━━━ Recorded data
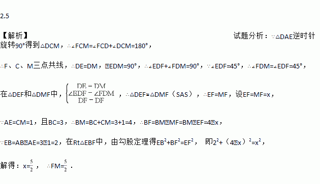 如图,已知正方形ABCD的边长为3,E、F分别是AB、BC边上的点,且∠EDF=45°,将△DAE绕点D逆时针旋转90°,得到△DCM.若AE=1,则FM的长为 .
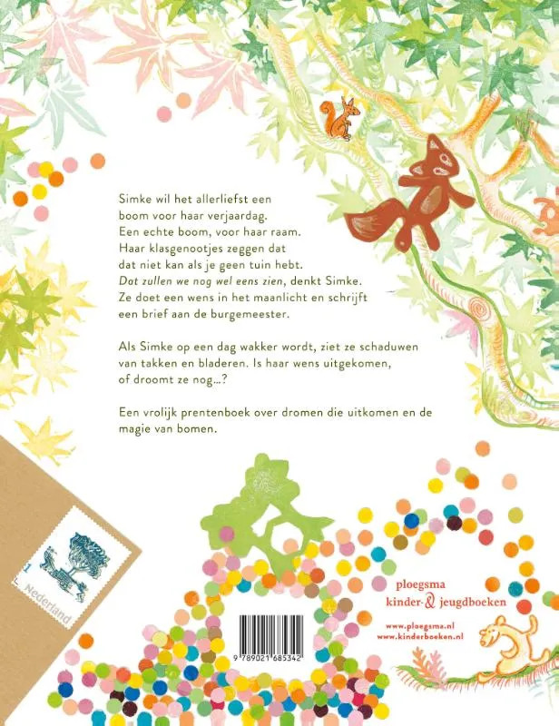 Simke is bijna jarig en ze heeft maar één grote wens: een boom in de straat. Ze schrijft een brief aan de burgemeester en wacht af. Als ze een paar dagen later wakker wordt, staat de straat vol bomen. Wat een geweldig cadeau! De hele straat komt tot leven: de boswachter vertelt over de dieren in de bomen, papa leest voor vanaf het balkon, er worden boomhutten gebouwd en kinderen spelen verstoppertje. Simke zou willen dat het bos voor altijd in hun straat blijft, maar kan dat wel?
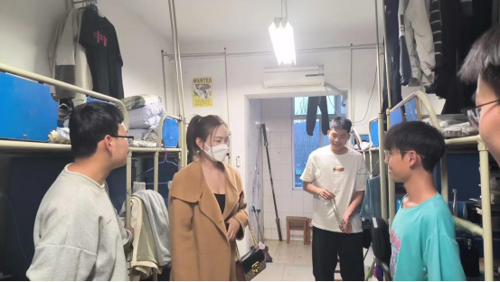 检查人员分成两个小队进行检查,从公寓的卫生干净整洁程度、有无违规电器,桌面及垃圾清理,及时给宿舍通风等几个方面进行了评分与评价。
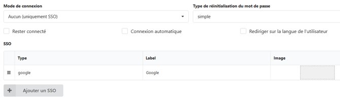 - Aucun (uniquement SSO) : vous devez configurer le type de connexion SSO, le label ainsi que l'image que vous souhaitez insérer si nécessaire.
━━━━━━
━━━ Recorded data
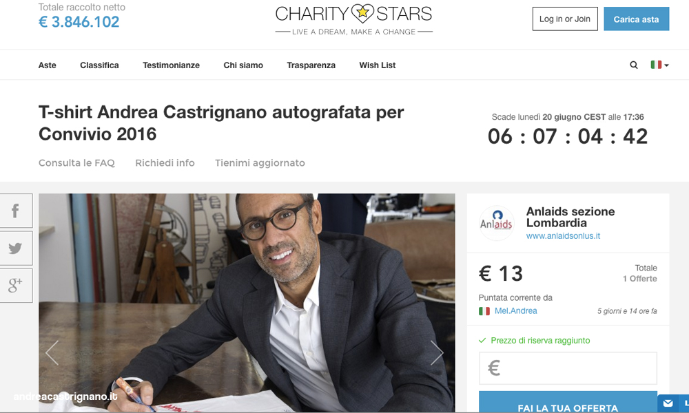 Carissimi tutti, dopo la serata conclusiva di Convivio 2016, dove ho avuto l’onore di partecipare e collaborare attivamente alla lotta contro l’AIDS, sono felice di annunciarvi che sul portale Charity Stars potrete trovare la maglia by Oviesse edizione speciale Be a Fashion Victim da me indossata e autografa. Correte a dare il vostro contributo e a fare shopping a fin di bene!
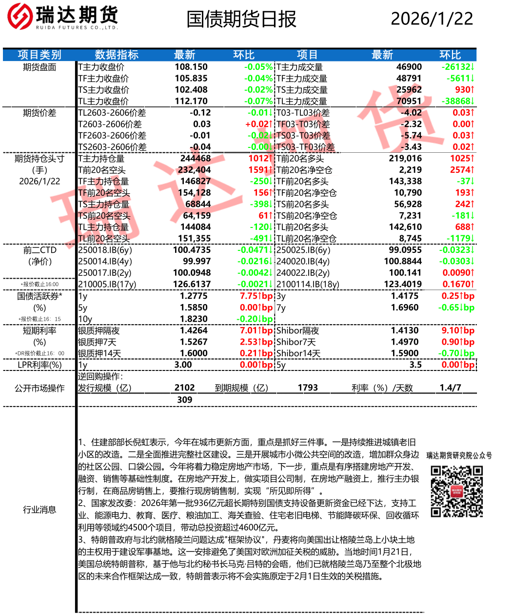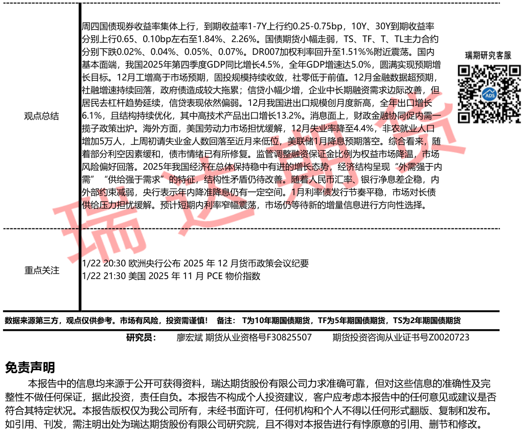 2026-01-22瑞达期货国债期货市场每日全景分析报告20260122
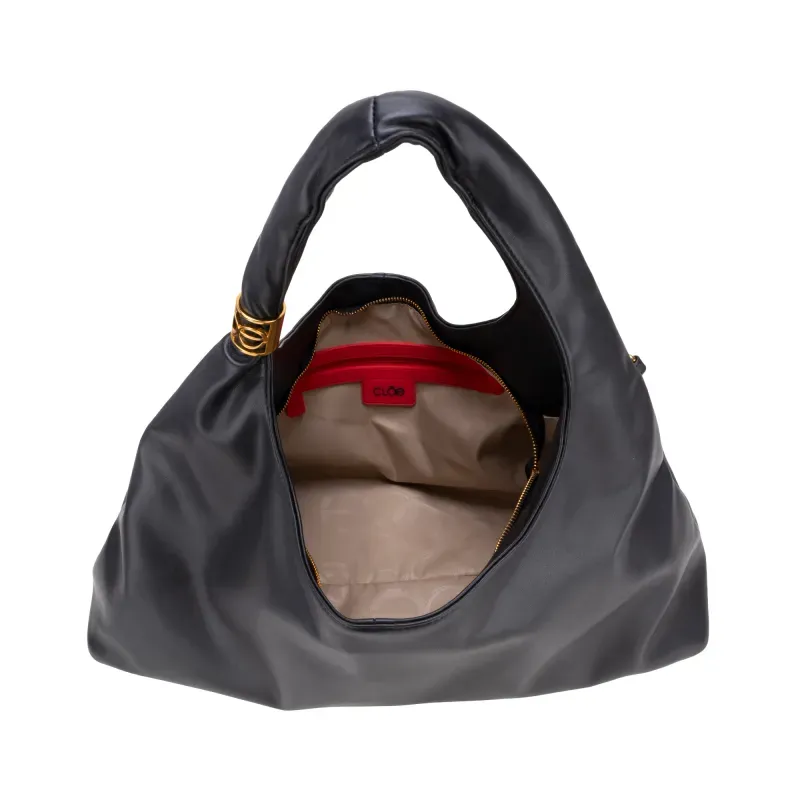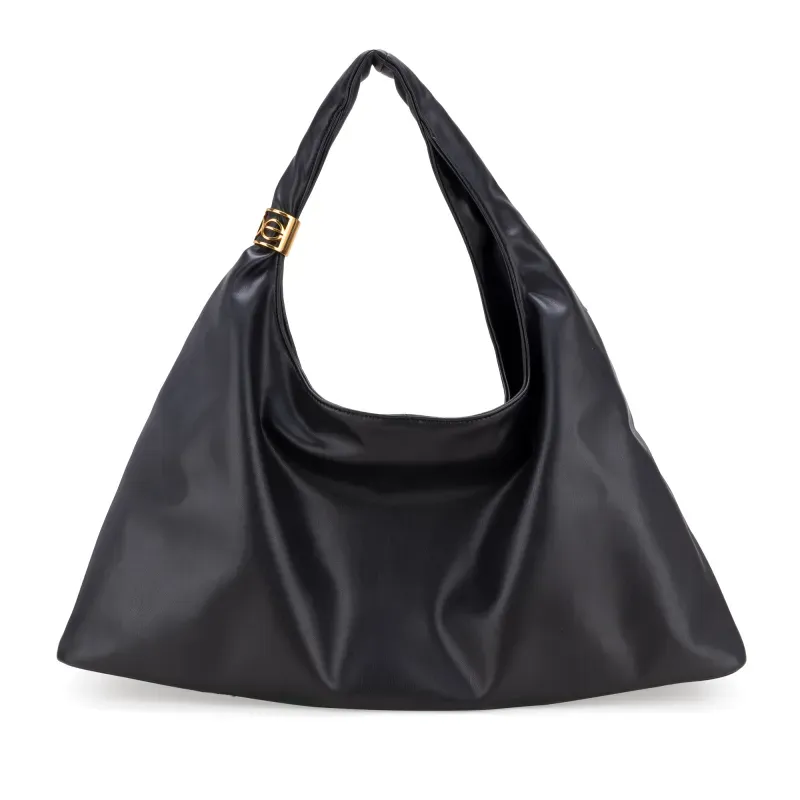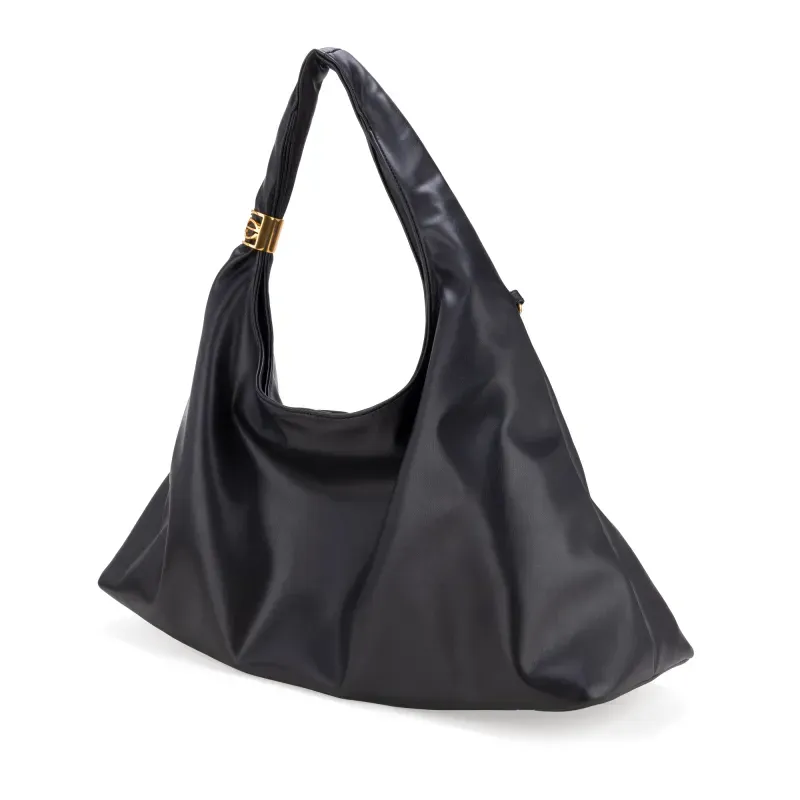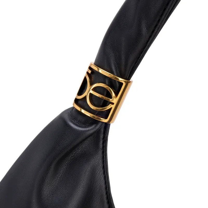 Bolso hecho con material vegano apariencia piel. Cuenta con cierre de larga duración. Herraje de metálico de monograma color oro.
━━━━━━
What you should do —
Extract, without any images, the part of the material above that opens with the line containing "检查人员分成两个小队进行检查" and closes with the line containing "- Aucun (uniquement", both lines included.

Written response —
 检查人员分成两个小队进行检查,从公寓的卫生干净整洁程度、有无违规电器,桌面及垃圾清理,及时给宿舍通风等几个方面进行了评分与评价。
 - Aucun (uniquement SSO) : vous devez configurer le type de connexion SSO, le label ainsi que l'image que vous souhaitez insérer si nécessaire.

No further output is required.